======== DATA FOR ANALYSIS ========
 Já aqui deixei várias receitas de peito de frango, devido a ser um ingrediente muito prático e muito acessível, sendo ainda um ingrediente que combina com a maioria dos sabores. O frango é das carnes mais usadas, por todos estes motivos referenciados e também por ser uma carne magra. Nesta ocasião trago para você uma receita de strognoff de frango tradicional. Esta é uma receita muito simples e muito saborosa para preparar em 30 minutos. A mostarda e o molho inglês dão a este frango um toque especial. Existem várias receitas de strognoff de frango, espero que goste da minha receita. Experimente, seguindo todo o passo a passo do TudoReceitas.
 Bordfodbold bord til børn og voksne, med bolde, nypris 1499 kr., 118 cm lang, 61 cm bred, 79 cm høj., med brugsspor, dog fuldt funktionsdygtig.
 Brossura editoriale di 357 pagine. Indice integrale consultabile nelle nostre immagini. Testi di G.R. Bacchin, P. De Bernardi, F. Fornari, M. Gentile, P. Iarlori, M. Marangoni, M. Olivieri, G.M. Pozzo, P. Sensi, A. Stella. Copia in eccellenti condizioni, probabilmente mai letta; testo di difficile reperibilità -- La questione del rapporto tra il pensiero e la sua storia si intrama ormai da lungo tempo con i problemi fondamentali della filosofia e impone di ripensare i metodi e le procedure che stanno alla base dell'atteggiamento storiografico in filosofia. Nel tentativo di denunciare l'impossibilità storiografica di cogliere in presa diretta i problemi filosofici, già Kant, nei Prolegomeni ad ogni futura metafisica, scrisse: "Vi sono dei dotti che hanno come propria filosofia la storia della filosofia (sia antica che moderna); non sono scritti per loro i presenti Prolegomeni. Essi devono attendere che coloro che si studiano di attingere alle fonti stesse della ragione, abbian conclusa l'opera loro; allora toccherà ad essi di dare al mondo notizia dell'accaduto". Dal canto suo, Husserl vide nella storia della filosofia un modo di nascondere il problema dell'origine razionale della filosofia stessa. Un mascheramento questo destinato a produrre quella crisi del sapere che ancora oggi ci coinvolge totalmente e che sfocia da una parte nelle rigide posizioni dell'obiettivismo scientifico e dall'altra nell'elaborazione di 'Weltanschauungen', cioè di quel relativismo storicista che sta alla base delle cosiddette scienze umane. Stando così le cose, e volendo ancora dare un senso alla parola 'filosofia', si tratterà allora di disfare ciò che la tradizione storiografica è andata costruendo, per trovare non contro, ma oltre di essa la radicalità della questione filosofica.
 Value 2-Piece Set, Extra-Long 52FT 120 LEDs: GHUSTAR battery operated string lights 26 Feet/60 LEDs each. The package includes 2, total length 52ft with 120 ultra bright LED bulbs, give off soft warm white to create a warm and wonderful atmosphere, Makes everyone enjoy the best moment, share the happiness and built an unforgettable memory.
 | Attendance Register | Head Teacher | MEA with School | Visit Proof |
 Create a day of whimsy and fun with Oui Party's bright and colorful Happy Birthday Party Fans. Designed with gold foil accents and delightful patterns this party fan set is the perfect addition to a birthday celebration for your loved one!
========
======== DATA FOR ANALYSIS ========
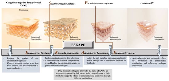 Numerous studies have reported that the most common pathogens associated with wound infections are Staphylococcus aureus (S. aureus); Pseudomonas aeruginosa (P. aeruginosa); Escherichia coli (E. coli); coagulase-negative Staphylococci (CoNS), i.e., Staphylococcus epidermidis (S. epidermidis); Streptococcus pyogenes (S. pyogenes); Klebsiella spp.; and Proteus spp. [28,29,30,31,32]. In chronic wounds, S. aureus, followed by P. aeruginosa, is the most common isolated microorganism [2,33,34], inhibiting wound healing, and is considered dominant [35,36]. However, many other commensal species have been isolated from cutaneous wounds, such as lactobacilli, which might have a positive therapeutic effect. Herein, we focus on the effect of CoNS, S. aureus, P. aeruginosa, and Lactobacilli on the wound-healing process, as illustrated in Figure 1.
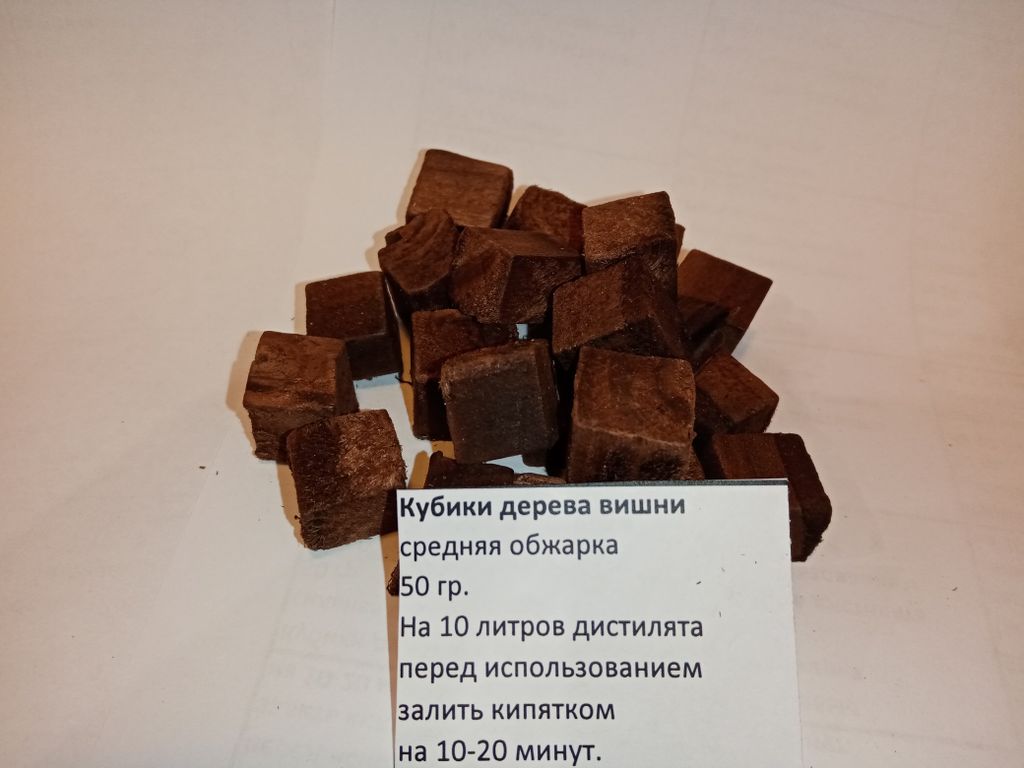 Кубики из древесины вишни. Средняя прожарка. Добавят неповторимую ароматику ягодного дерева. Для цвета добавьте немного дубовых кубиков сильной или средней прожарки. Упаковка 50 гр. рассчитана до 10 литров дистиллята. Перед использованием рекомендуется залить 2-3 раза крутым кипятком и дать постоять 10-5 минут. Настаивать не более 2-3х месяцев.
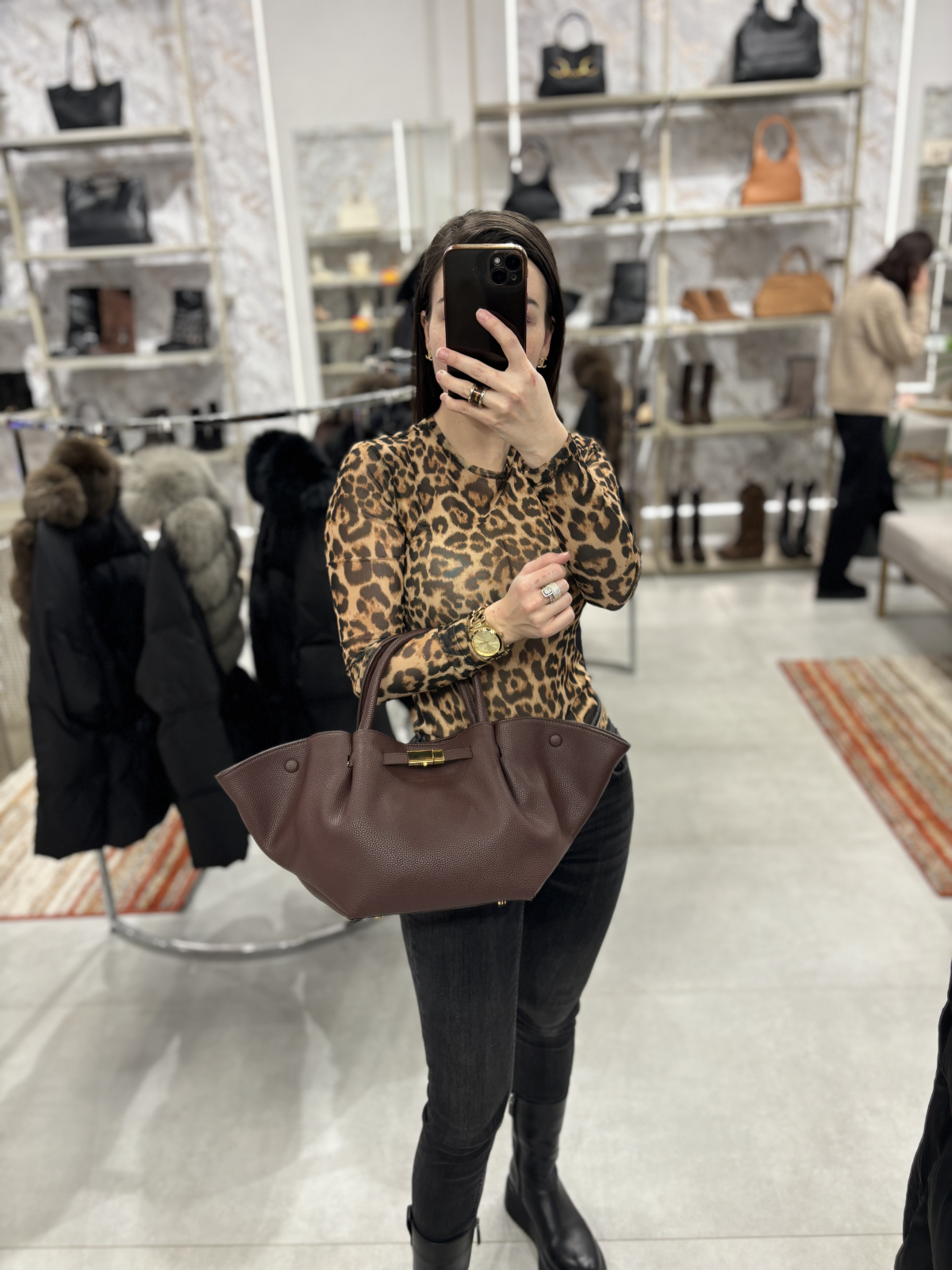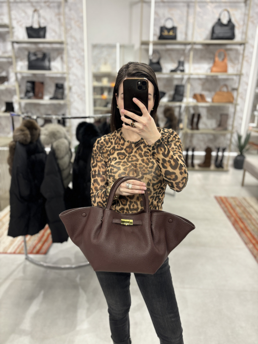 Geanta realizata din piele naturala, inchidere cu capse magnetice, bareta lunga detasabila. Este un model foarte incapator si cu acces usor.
========
======== DATA FOR ANALYSIS ========
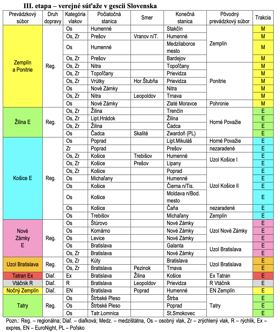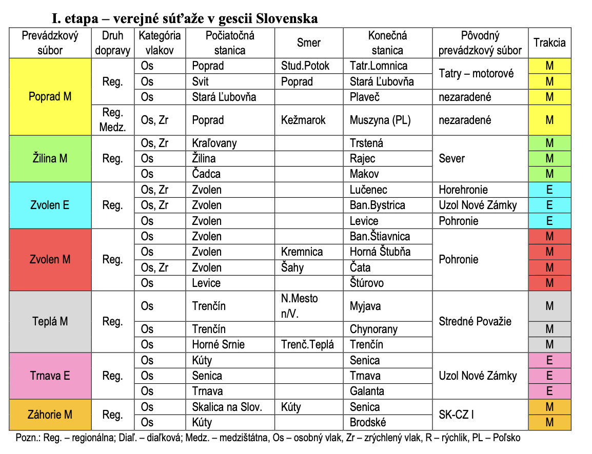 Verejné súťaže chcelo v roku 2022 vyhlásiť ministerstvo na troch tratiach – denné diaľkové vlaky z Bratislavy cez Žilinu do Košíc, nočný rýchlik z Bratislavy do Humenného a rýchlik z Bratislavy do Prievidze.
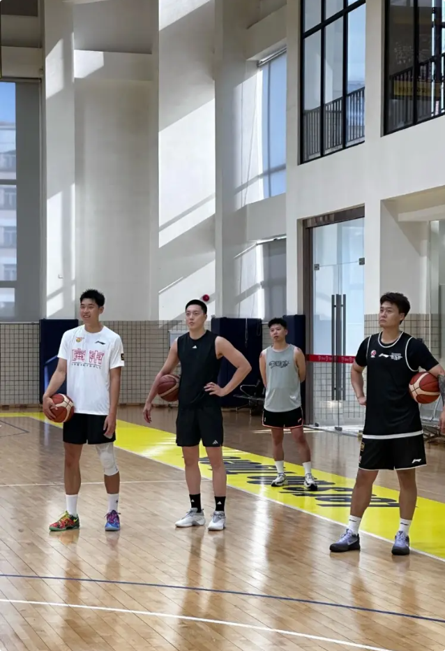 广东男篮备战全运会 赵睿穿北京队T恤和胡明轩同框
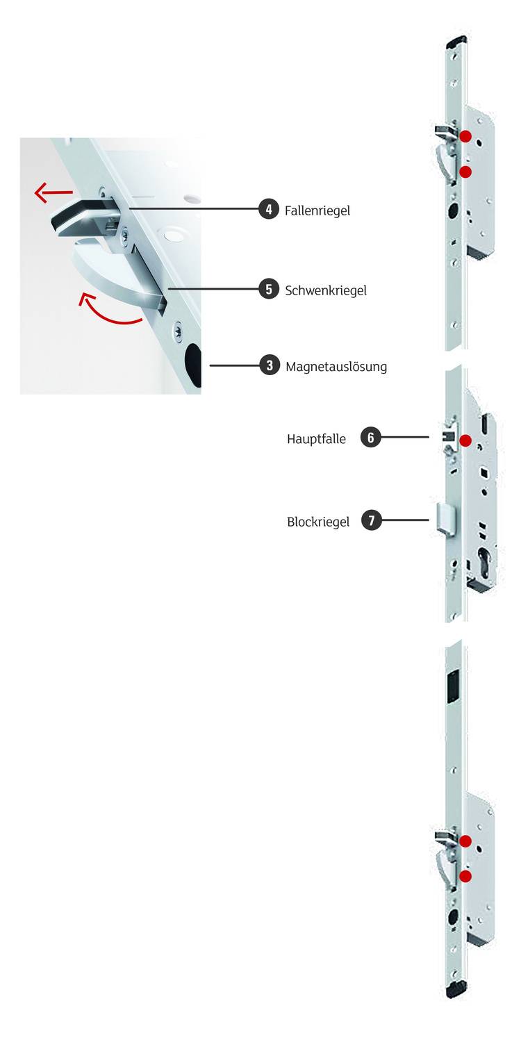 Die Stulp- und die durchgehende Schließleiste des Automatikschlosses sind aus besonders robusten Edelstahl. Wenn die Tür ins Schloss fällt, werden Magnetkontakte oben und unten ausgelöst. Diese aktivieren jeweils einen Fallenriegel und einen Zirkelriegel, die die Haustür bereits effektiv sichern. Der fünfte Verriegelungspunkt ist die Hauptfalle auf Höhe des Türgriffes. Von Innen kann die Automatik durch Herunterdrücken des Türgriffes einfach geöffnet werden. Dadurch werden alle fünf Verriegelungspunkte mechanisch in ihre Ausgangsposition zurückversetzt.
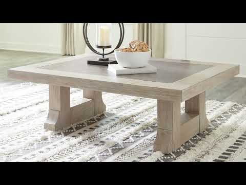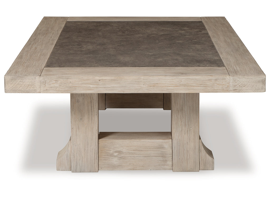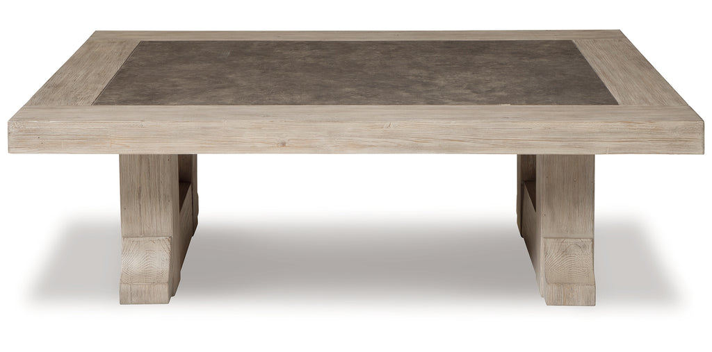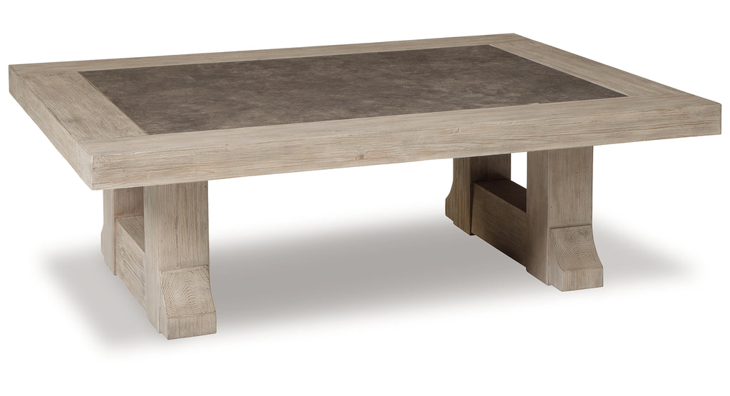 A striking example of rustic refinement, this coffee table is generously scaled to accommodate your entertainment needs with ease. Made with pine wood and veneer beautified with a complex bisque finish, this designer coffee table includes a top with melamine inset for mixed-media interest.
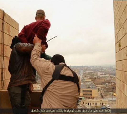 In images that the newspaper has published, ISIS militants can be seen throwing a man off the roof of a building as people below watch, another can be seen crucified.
========
**TO DO**
From the line containing "Value 2-Piece Set, Extra-Long" down to the line containing "Create a day" in the material above, reproduce every line exactly, including the two end lines.

**RESULT**
 Value 2-Piece Set, Extra-Long 52FT 120 LEDs: GHUSTAR battery operated string lights 26 Feet/60 LEDs each. The package includes 2, total length 52ft with 120 ultra bright LED bulbs, give off soft warm white to create a warm and wonderful atmosphere, Makes everyone enjoy the best moment, share the happiness and built an unforgettable memory.
 | Attendance Register | Head Teacher | MEA with School | Visit Proof |
 Create a day of whimsy and fun with Oui Party's bright and colorful Happy Birthday Party Fans. Designed with gold foil accents and delightful patterns this party fan set is the perfect addition to a birthday celebration for your loved one!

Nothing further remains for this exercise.